Vector databases have become very popular in semantic use-cases and now, Pinecone has introduced the ability to combine dense and sparse vectors together to perform hybrid search.

Hybrid search is the ability to use tokenized keywords (sparse vectors) and semantic representations (dense vectors) together to perform searches based on both lexical and semantic meanings. Traditionally, this would require two technologies, multiple queries, and post-processing to accomplish this task. With Pinecone hybrid search, you can now merge these technologies together in one fast, scalable, fully managed system.

This repository aims to demonstrate a web-crawl of [pinecone.io](https://www.pinecone.io), stored in Pinecone, and queried using a Python Flask application as the web UI. The web UI processes the query into sparse and dense vectors, then sends the query to Pinecone. The results are in json format and can be easily parsed by the web application.
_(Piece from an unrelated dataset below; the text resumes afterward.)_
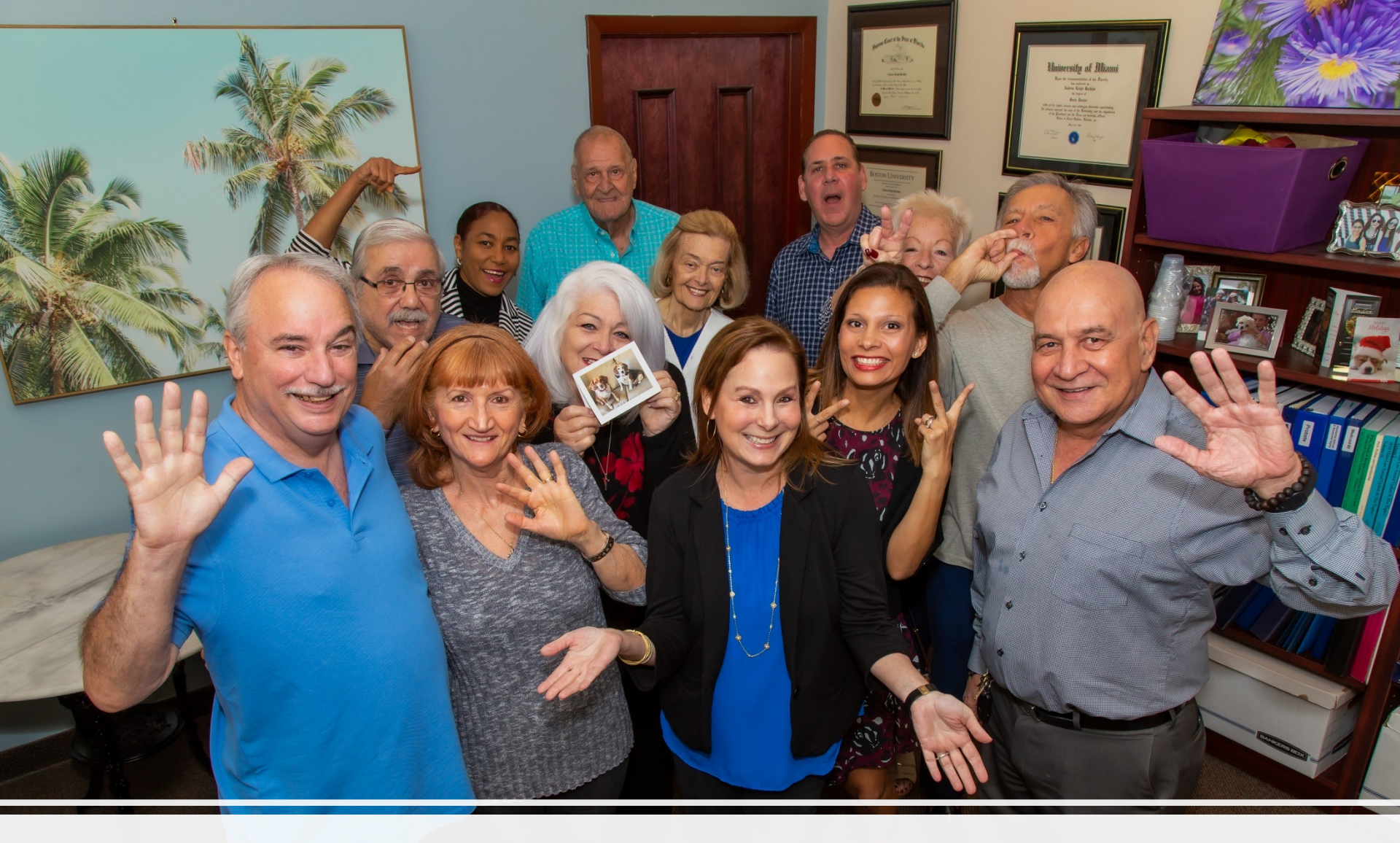
We look forward to meeting you

The distinction of lexical versus semantic is controlled by the 'alpha' parameter which is passed in as a value between 0 and 1. A lower value closer to 0 is considered more lexical or keyword oriented. A higher value closer to 1 is more semantic and gives more weight to the meaning of the words rather than the more exact matching of the terms that lexical is suited for.

### Getting started
#### Getting the data in
The ./resources directory has the files necessary to process the data and upload it to your Pinecone index.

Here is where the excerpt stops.